Data
· · · · · · ·

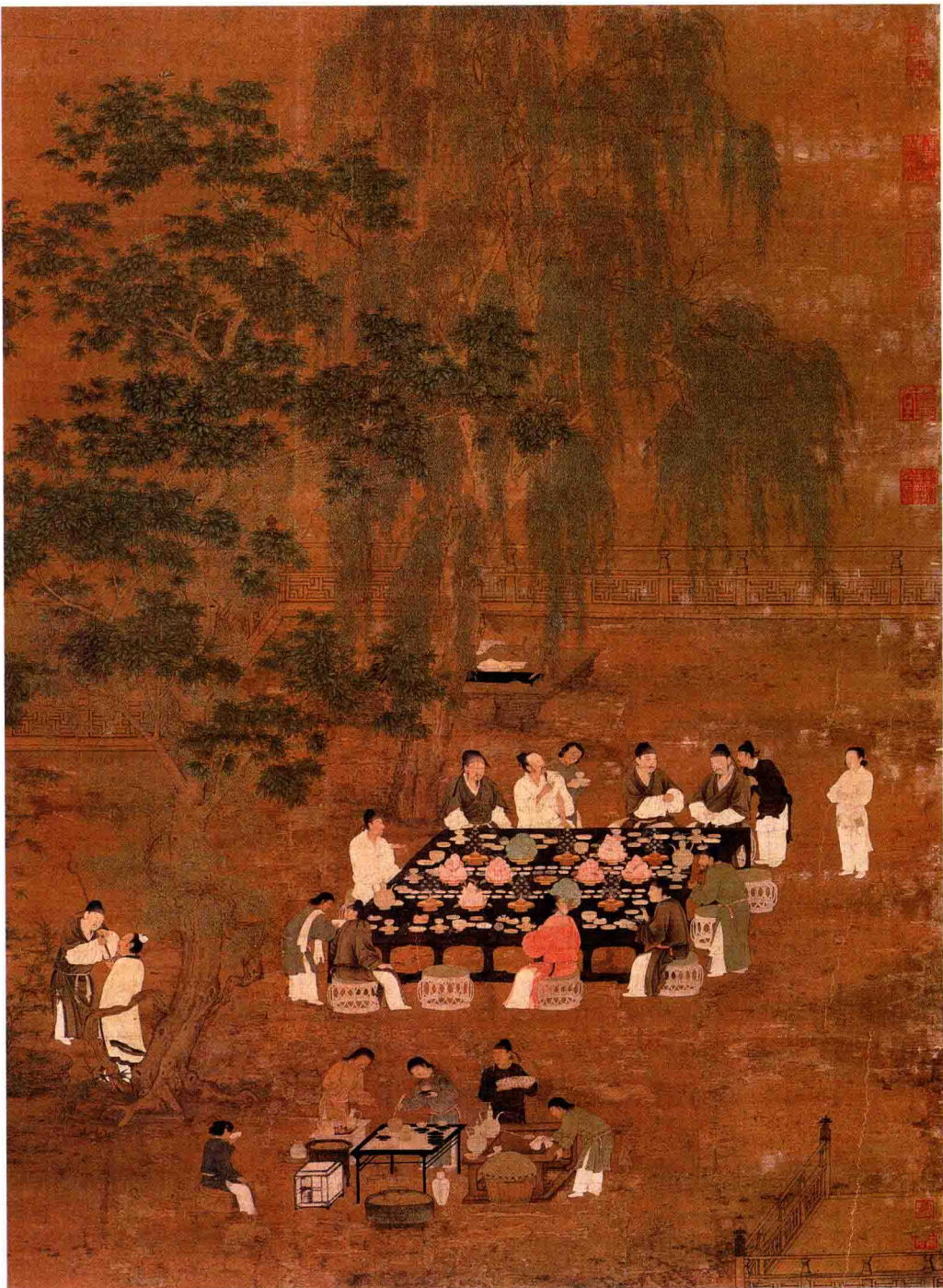
● 赵佶 《文会图》局部 北宋 约 890 年前

大桌前还设有小茶桌，几个仆人正在准备茶点。中间那个青衣童仆手持长柄茶勺，将茶水分到每个杯中。有趣的是，左下角还坐着一个青衣童仆，可能是渴极了，他左手端碗，右手扶膝，自己先喝上了。
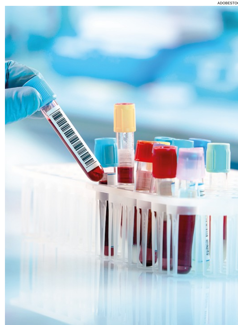
One shot. Con un solo sequenziamento l'AI scopre diverse malattie
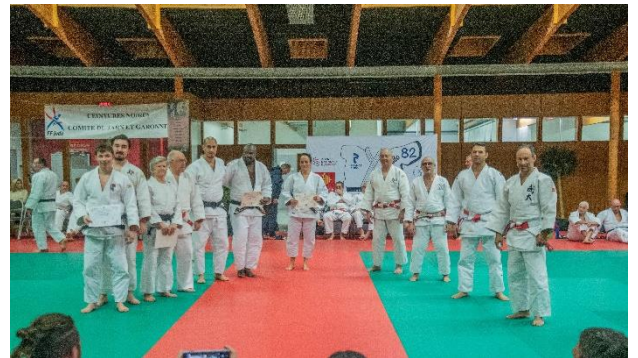
Remises Diplômes 2 ème Dan

· · · · · · ·

Problem
An exact copy of the listing above is to be set down, with no pictures in it.

Finished exercise
● 赵佶 《文会图》局部 北宋 约 890 年前

大桌前还设有小茶桌，几个仆人正在准备茶点。中间那个青衣童仆手持长柄茶勺，将茶水分到每个杯中。有趣的是，左下角还坐着一个青衣童仆，可能是渴极了，他左手端碗，右手扶膝，自己先喝上了。
One shot. Con un solo sequenziamento l'AI scopre diverse malattie
Remises Diplômes 2 ème Dan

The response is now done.